Quantum physicists are telling us things that may be impossible for us to observe but that must be a part of the universe and thus universal and thus science.

Much expense and years toiling below the surface in Switzerland have been unable to find the extra dimensions these models assume.

So is this all a waste? Has science ran out of room to run until some technologist makes a way forward?

The discovery of quantum mechanics would not have been possible without the technologist invention of the amplifier.

Perhaps the answer is that science theory needs a lot more time than we want to tell us whether we are right or wrong. And theory is still the job of science but please give us a way to prove and disprove your theories or get out.

The scientist appears now more like an artist. He dreams something up but faintly and then he takes to the tools and tries to complete the picture.

But what is the scientist dreaming of but a solution to a problem?

The artist has no problem to solve, per se, other than the problem of making his imagination into a reality that can be observed by others and a part from himself.

The scientist must then believe that some natural regularity can be applied to solve the problem

and yet takes the approach of the artist in creating a solution from natural regularity.

Once that solution is found, tested, and experimentally proven to the point that it is accepted then the science moves to the engineer.

The engineer uses known science to design (model) and build things. The engineer, while needing to know the conclusions of science, is not a scientist, he uses known regularity, and is not in a search for something new.

The engineering report uses SCIENCE! not theory to show the bridge isn’t going to collapse and kill everyone on and underneath it. Einsteins are not welcome here.

So doesn’t it look like we have a lot of “near science” and “almost scientist”?

I think so and that’s not a bad thing, in fact I think it’s unavoidable.

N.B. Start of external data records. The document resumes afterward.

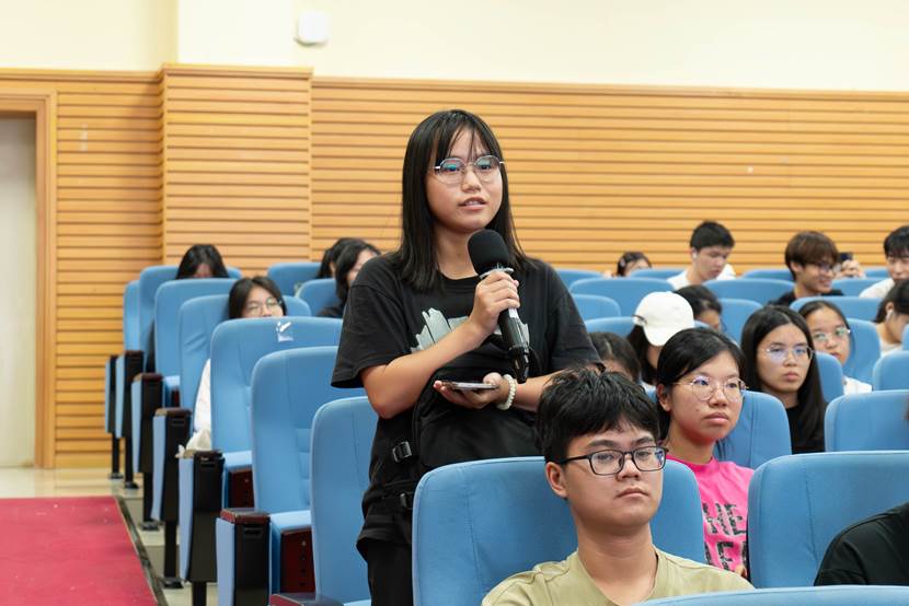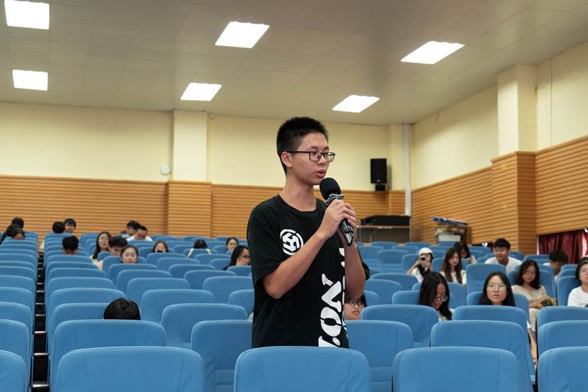 在互动环节,学子们围绕文学作品的时代背景、苦难与文学的关系、作者意图与读者解读等话题积极提问。成海鹰逐一回应,言辞真挚,见解深刻。她鼓励同学们以开放、尊重的态度走进文本,以独立、审慎的思考理解世界,在阅读中积淀生命的厚度与温度。
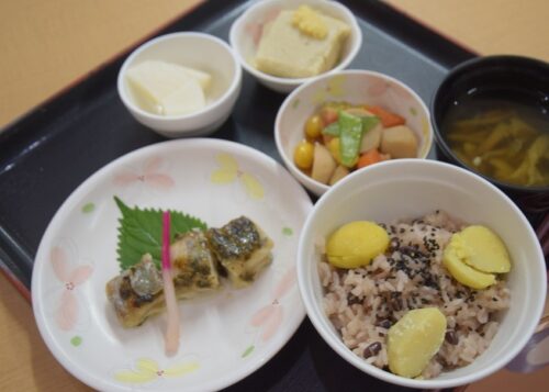 太刀魚の山椒味噌掛け、栗入り赤飯、胡麻豆腐、きのこ汁、デザートには梨が提供以されました!
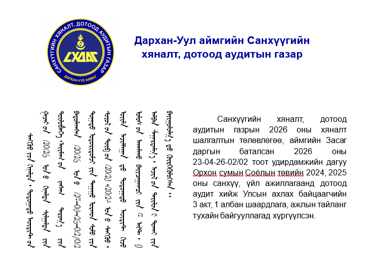 ДАРХАН-УУЛ АЙМГИЙН САНХҮҮГИЙН ХЯНАЛТ, АУДИТЫН АЛБА © 2021 ОН . ВЭБ ХӨГЖҮҮЛСЭН EWEB.MN
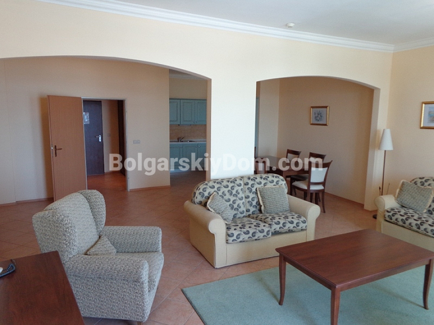 Говорят, что можно всю жизнь смотреть на четыре вещи: огонь, воду, землю и как кто-то работает. Мы хотим предложить вам способ продолжать радоваться жизни и наблюдать три эффекта из четырех постоянно, приобретя эксклюзивную квартиру в «Сансет Резорт». Предлагаемая квартира в комплексе №1 в Болгарии - не просто еще одна среди тысяч других, а квинтэссенция желаний всех людей, оформленная в квадратных метрах. Грамотная и просторная планировка с достойной и выдержанной в одном стиле мебелью удовлетворит изыски всех гурманов и стилистов, а один морской вид стоит половину. Человек, достигший финансовых высот и знающий себе цену, не сможет пролистать это предложение, не отметив и не рассмотрев его детально. Можно долго описывать достоинства комплекса, но если выразить это в одном предложении, то можно смело сказать.… Есть все!!! Фото говорят сами за себя!! И поверьте, в жизни это непередаваемо.
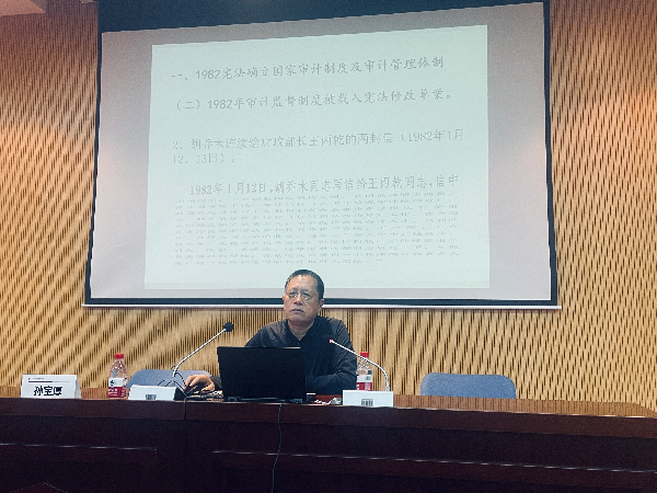 在2个半小时的讲座中,孙会长从历史学和档案学的视角,以详实的史料从三个阶段梳理了中国审计四十年的发展历程:1982年宪法确立国家审计制度及审计管理体制、1994年审计法到党的十九大前完善审计管理体制的探索、2017年党的十九大以来实施审计管理体制改革。孙会长以中国审计制度建立到审计管理体制改革带来的相关启示,引导在座师生从国家审计的角度思考我国审计制度的中国特色和本质特征。孙会长还从审计专业博士和会计专业博士的设立发展,谈到审计学科、会计学科的发展。

The study of X can lead to knowledge that humans find useful.

Many people have asked if there could be a science of history and many great minds have answered in the affirmative.

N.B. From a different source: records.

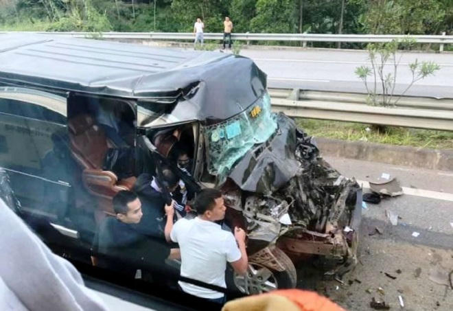Khi đi đến đoạn qua địa phận huyện Cẩm Khê (tỉnh Phú Thọ), chiếc xe này bất ngờ đâm thẳng vào đuôi xe đầu kéo (chưa rõ BKS và danh tính người điều khiển) đang di chuyển cùng chiều.
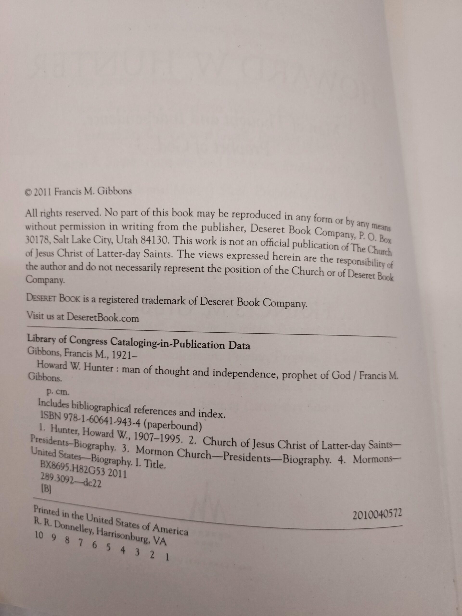 Howard W Hunter: Man of Thought and Independence, Prophet of God-Francis M. Gibbons-paperback-2011
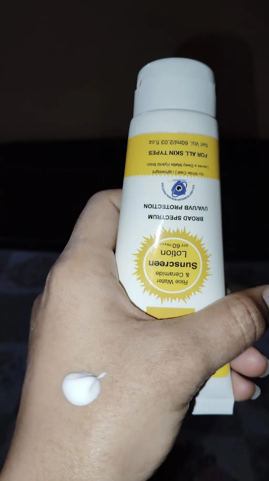 p. Ye mare third suncreen h. Because isko use krne ke baad yesa feel hi nhi hota ki face pe kuch lagaya bi h. Ye kaafi ache se face pe observer ho jata h and iska texture or fragnance bi achi h. Itne kaam rate pe itni achi sunscreen vo bi SPF 60 muje to bahut achi lagi or me aage bi ye hi cream use krungi.

I’m not so sure a science of history could ever live up to what we are talking about here.

People have come up with all sorts of theories of history. Can they be proven false? Can they make predictions? Will the predictions still work if this science is shared with the world? Can people get rich from it?

In yet this sounds a lot like what political strategist do or hedge fund managers, or dictators and the great generals.

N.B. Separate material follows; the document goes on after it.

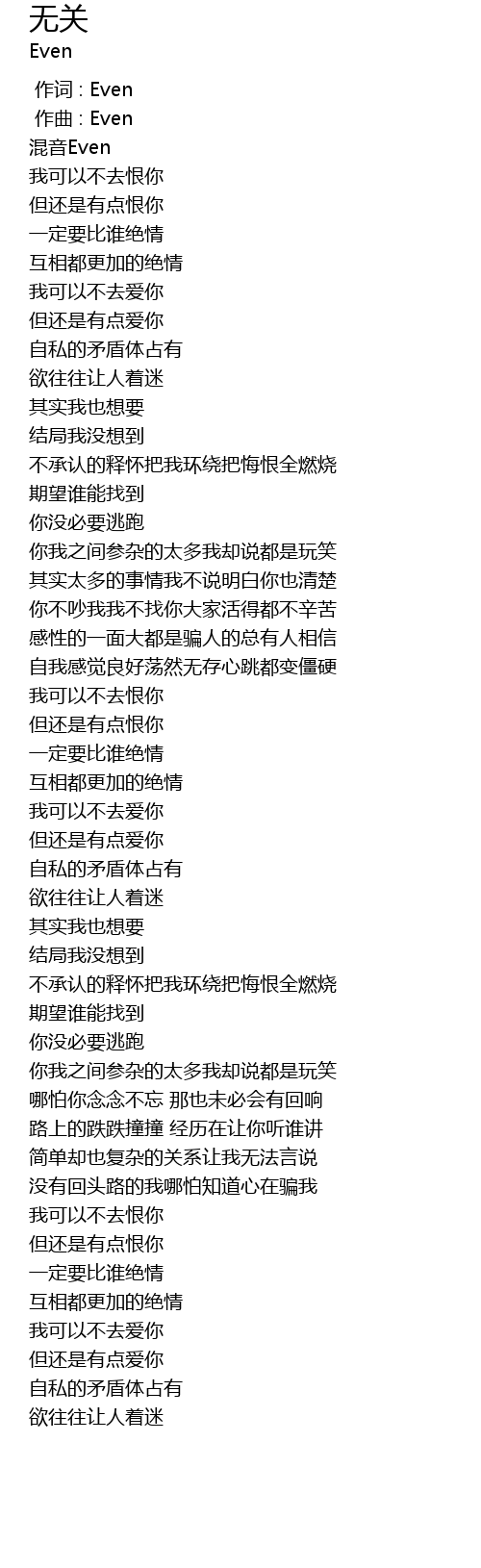 | [00:00.000] | 作词 : Even |

And yet here is no science as luck surely plays such a large event. This is why the study of X can be of value even if it can’t clear the bar of SCIENCE! Positivist be damned!

So you and me aren’t so far from scientist in whatever problems we try to solve, scientific thinking about X, though it probably won’t yield any science that makes it into the textbook, it’s still a valid way of thinking when solving problems.

And other ways of thinking confirmed by science are valid as well; 80/20 thinking, computational thinking, and possibly more such as Bayesian thinking, probabilistic thinking, mathematical thinking, etc.